Training does not converge for resnet50-ssd on pascal VOC dataset

Question

Training does not converge for resnet50-ssd on pascal VOC dataset

kristellmarisse opened this issue 8 years ago · comments

I am traing SSD-Resnet50 on pascal VOC dataset. SInce I have a smaller GPU (gtx960 4gb), I reduced the batch size to train. The training loss started at 14 and after 7k iterations it went down to 7. But after that the loss doesn't seem to reduce. Is it because of changing the batch size ?

Jay Mahadeokar · Answer 1 · Tue Aug 09 2016 23:32:41 GMT+0800 (China Standard Time)

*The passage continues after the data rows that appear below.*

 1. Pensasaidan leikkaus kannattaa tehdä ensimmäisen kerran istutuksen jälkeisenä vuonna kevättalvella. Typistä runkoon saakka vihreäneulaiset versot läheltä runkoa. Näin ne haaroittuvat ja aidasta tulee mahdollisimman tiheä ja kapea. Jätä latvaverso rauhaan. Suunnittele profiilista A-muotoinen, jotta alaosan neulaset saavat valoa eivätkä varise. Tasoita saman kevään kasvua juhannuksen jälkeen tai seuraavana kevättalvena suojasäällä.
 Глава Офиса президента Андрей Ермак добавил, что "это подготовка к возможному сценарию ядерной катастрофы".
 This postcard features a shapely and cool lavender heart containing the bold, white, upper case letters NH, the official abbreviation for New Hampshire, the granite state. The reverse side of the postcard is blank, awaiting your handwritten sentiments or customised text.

What is your batch size? I get best results with batch size of 32 (8 per gpu * 4 gpus in parallel), also found that batch size as low as 14 also converges, though results are not best. I would also look at running avg training loss to see whats happening, see the training plot here.

Kristell · Answer 2 · Wed Aug 10 2016 19:44:30 GMT+0800 (China Standard Time)

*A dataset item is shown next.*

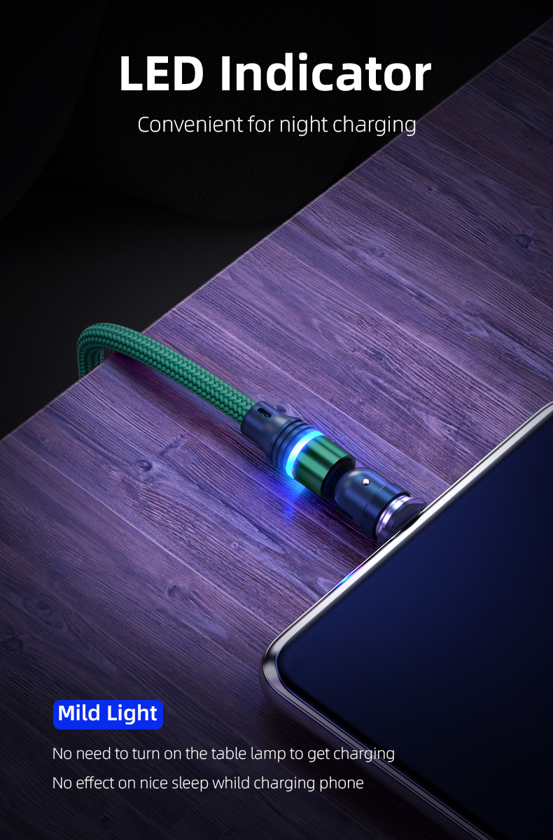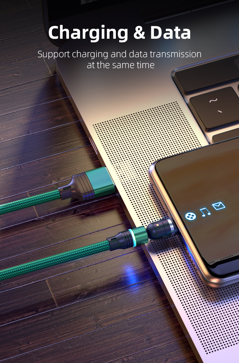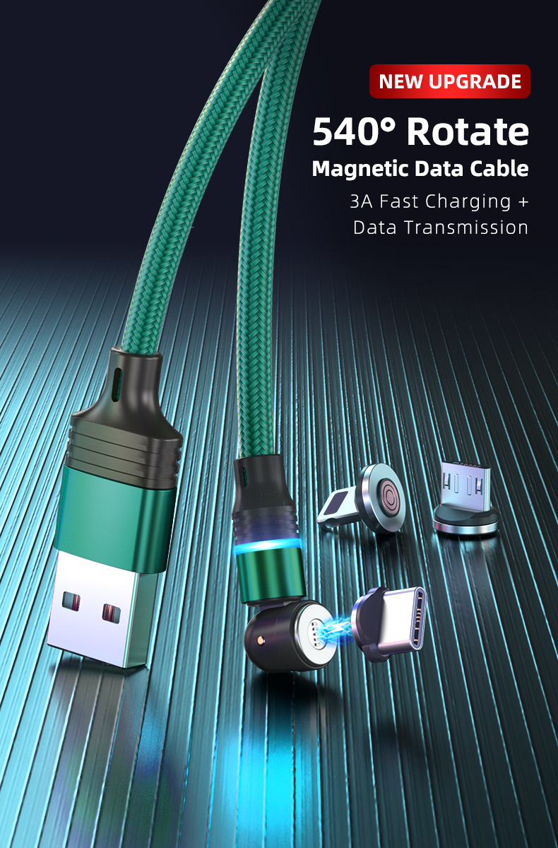 Cablu de incarcare rapida si transfer de date 3A magnetic RiKbo® 3 in 1 Lightning, Type-C , micro-USB rotatie 540 grade, Compatibil Iphone Samsung Huawei Oppo Xiaomi, Verde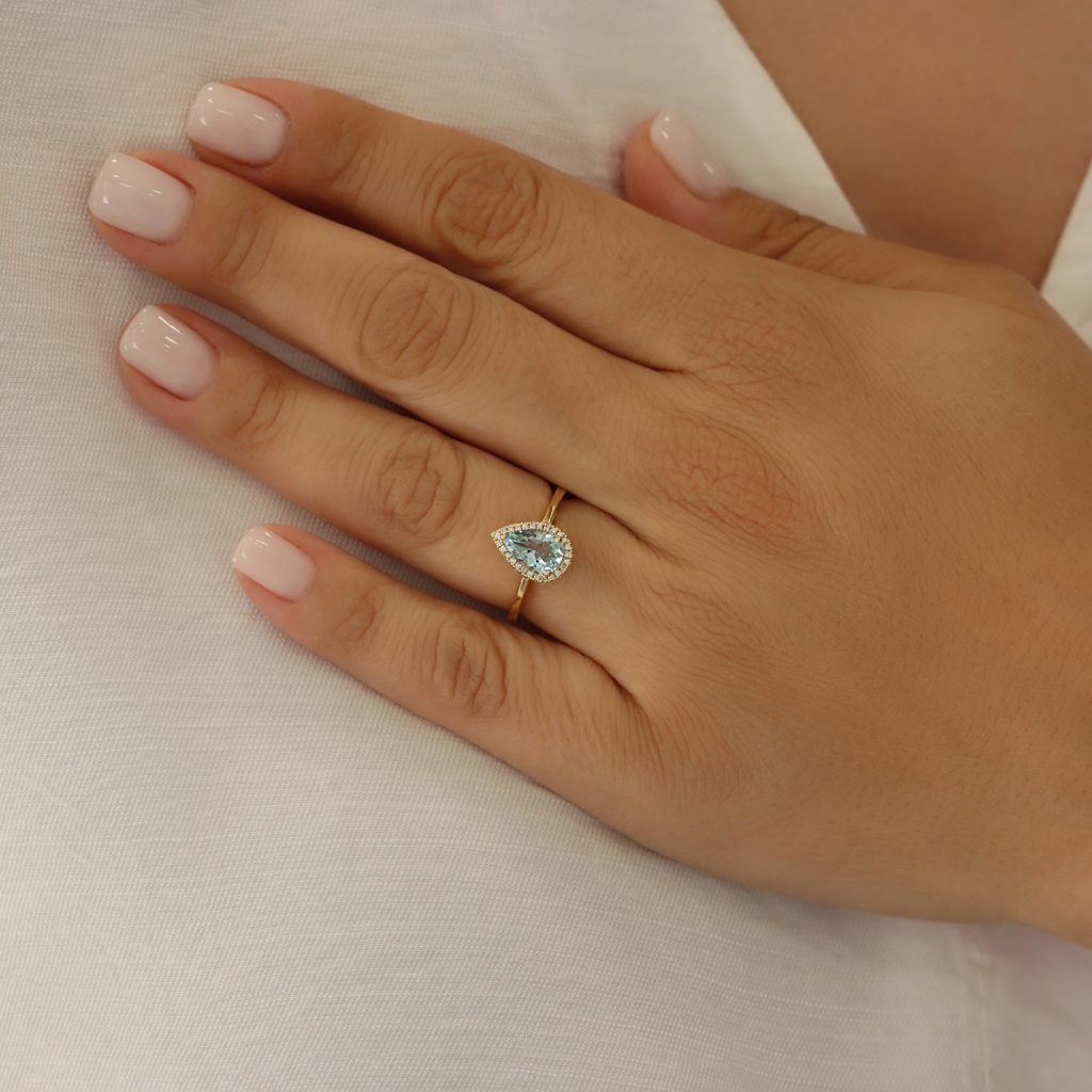 Rosette Ring in Yellow Gold 18K with Aquamarine & Diamonds

Thank you for the leads. My batch size was only 2 (that was the best I can squeeze into my GPU memory). Is it ok if I increase the batch size by modifying the iter_size parameter in solver.prototxt. I usually use this trick in py-faster-rcnn.

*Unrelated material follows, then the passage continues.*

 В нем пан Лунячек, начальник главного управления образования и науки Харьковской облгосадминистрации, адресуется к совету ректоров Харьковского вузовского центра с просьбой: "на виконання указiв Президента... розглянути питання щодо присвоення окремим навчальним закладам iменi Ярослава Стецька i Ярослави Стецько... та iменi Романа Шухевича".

Jay Mahadeokar · Answer 3 · Thu Aug 11 2016 01:42:50 GMT+0800 (China Standard Time)

@kristellmarisse I have not tried that setting. Maybe you could try using a smaller network for bigger batch size? See few other resnet models shared here pretrained on imagenet, which give decent top-1 accuracy. The # params field in the comparison tables will influence the model size.

Kristell · Answer 4 · Thu Aug 11 2016 14:21:32 GMT+0800 (China Standard Time)

Thank you for sharing more models.

Kristell · Answer 5 · Thu Aug 11 2016 15:02:16 GMT+0800 (China Standard Time)

By the way, can you share me your GPU specs on which you trained the Resnet+SSD?

Jay Mahadeokar · Answer 6 · Fri Aug 12 2016 01:23:13 GMT+0800 (China Standard Time)

I think its K80 it has 11GB memory.